§ **Task brief**: With the pictures removed, write out the full listing below exactly.

§ **Given data**:

****************************************

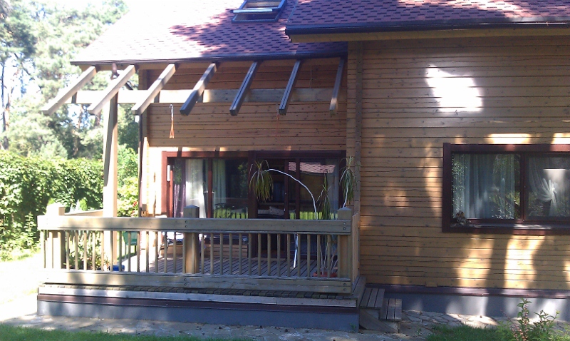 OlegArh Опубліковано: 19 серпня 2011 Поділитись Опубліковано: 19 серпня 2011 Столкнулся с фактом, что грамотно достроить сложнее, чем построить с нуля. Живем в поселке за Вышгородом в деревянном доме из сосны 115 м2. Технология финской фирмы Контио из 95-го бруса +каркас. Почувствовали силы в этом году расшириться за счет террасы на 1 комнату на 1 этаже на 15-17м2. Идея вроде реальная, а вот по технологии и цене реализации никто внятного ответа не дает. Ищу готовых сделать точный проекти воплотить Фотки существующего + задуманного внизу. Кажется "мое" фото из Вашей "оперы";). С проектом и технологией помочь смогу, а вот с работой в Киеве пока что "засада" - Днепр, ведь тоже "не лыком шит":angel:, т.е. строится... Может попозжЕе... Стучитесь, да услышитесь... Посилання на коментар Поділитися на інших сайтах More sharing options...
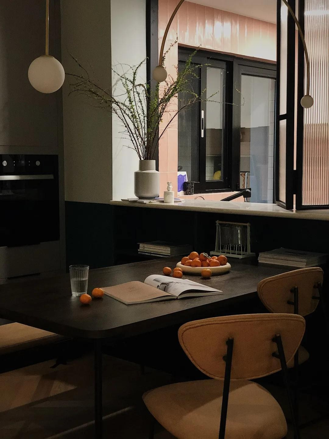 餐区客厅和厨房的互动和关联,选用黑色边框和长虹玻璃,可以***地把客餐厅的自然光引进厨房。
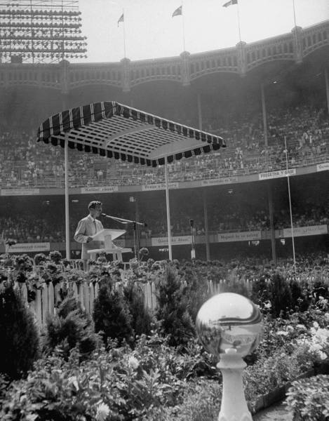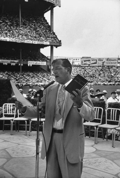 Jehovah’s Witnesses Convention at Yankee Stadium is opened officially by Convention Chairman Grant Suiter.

****************************************

§ **Reply to the exercise**:
 OlegArh Опубліковано: 19 серпня 2011 Поділитись Опубліковано: 19 серпня 2011 Столкнулся с фактом, что грамотно достроить сложнее, чем построить с нуля. Живем в поселке за Вышгородом в деревянном доме из сосны 115 м2. Технология финской фирмы Контио из 95-го бруса +каркас. Почувствовали силы в этом году расшириться за счет террасы на 1 комнату на 1 этаже на 15-17м2. Идея вроде реальная, а вот по технологии и цене реализации никто внятного ответа не дает. Ищу готовых сделать точный проекти воплотить Фотки существующего + задуманного внизу. Кажется "мое" фото из Вашей "оперы";). С проектом и технологией помочь смогу, а вот с работой в Киеве пока что "засада" - Днепр, ведь тоже "не лыком шит":angel:, т.е. строится... Может попозжЕе... Стучитесь, да услышитесь... Посилання на коментар Поділитися на інших сайтах More sharing options...
 餐区客厅和厨房的互动和关联,选用黑色边框和长虹玻璃,可以***地把客餐厅的自然光引进厨房。
 Jehovah’s Witnesses Convention at Yankee Stadium is opened officially by Convention Chairman Grant Suiter.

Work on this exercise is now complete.